Home Kuliner Bercengkrama Bersama Barista di Kopi Ketjil Jogja

Bercengkrama Bersama Barista di Kopi Ketjil Jogja

6 menit waktu baca
44

Kedai kopi yang satu ini memang tergolong mungil sesuai dengan namanya, Kopi Ketjil. Menempati sebuah bangunan kios berukuran 3×10 meter persegi di kawasan Demangan, kedai kopi mini ini menawarkan suasana yang syahdu untuk menikmati me time, sekedar bercengkrama bersama kawan atau barista serta sejenak melupakan notikasi yang masuk di gadget kita.

kopi ketjil tampak luar

Kopi Ketjil termasuk salah satu kedai kopi yang tergolong cukup lama buka di Jogja. Kedai kopi mungil yang berdiri sejak tahun 2014 ini menyajikan kopi lokal dari Indonesia. Ada banyak pilihan biji kopi yang bisa kita pesan, seperti biji kopi dari Toraja, Aceh, Mandailing, Bali, Jawa hingga Papua. Kalian bisa memesan menu black coffee, black coffee with sweet milk, black coffee with fresh milk, serta tak lupa chocolate and tea.

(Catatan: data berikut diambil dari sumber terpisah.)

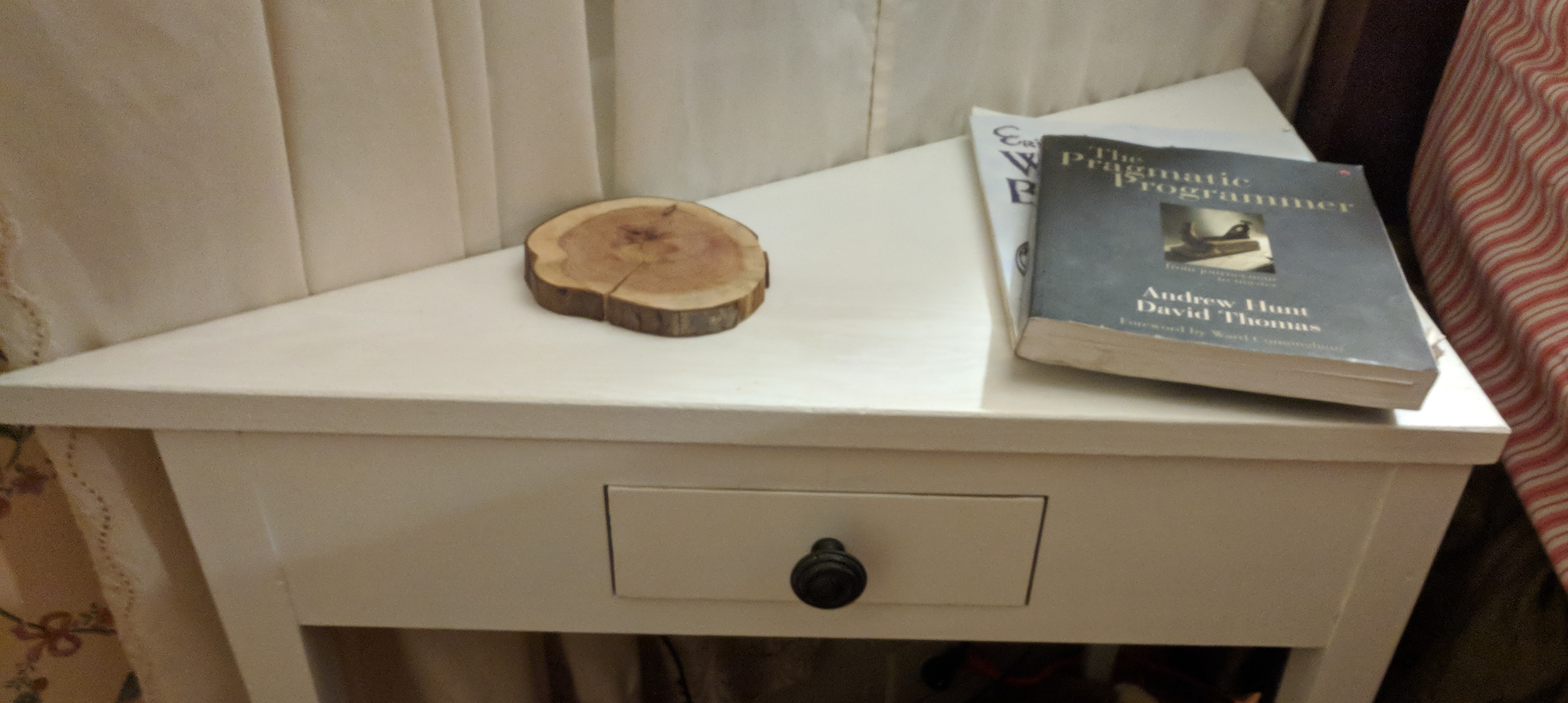 It’s always a little random when I decide to fix something and this was no exception. Let’s start with the problem: I don’t have a nightstand. So I didn’t have a nice place to charge my phone and store incidentals like books and headphones or a cup of tea. There are lots of nightstands available on the market but the wall behind my bed is shaped like this \_____/ so I needed an odd-shaped table. Since I needed a custom solution, I had the opportunity to make it special and did not hold back in this project, opting for an integrated USB charging hub tucked in the back!
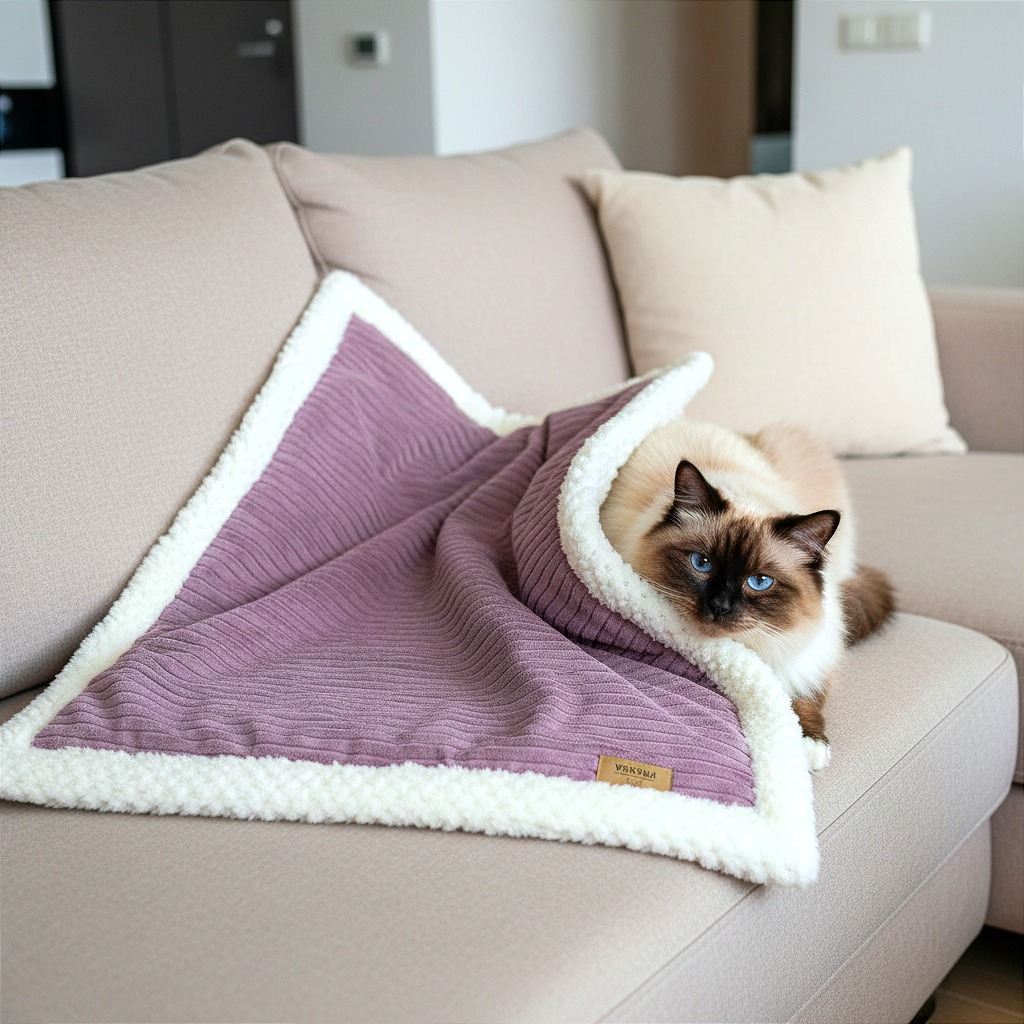To miękki, ciepły kocyk z eleganckiej tkaniny i puszystego futerka. Posiada w środku lekkie ocieplenie, dzięki czemu dobrze trzyma ciepło i zachowuje ładny kształt. Sprawdza się w domu, w podróży i jako część wyprawki, dla dziecka, kota lub małego psa.
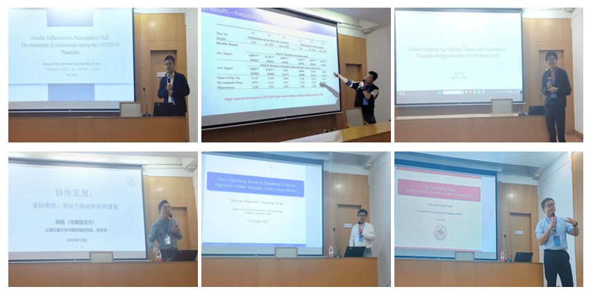 (威海)商学院吴贾教授报告题目为《School Dropout-Age Rainfall Shocks and Firstborn Girls’s Sacrifice of School Opportunities》,讨论学龄期遭受降雨天气冲击对男女教育差距的影响。

Memasuki ruangan Kopi Ketjil ini kita akan disambut oleh coffee bar tempat barista bekerja dan beberapa kursi tamu yang mengitari coffee bar tersebut. Di sebelah coffee bar terdapat sebuah meja komunal yang biasa digunakan pengunjung untuk berbagi tempat duduk dengan pengunjung lainnya. Sedangkan di ujung ruangan terdapat mesin roasting kopi yang biasa dioperasikan pada malam hari seusai kedi kopi ini tutup.

suasana di dalam ruangan

Ruangan di dalam coffee shop ini memang luasnya tak seberapa. Diisi sepuluh orang pengunjung saja rasanya sudah cukup berdempet-dempetan di dalamnya. Penataan kedai kopi ini terkesan messy namun terasa nyeni. Pencahayaan ruangan dibuta sedikit temaram dengan playlist musik yang nyaman diputar sehingga membuat siapa saja cukup betah berlama-lama menikmati kopi dan larut dalam suasana.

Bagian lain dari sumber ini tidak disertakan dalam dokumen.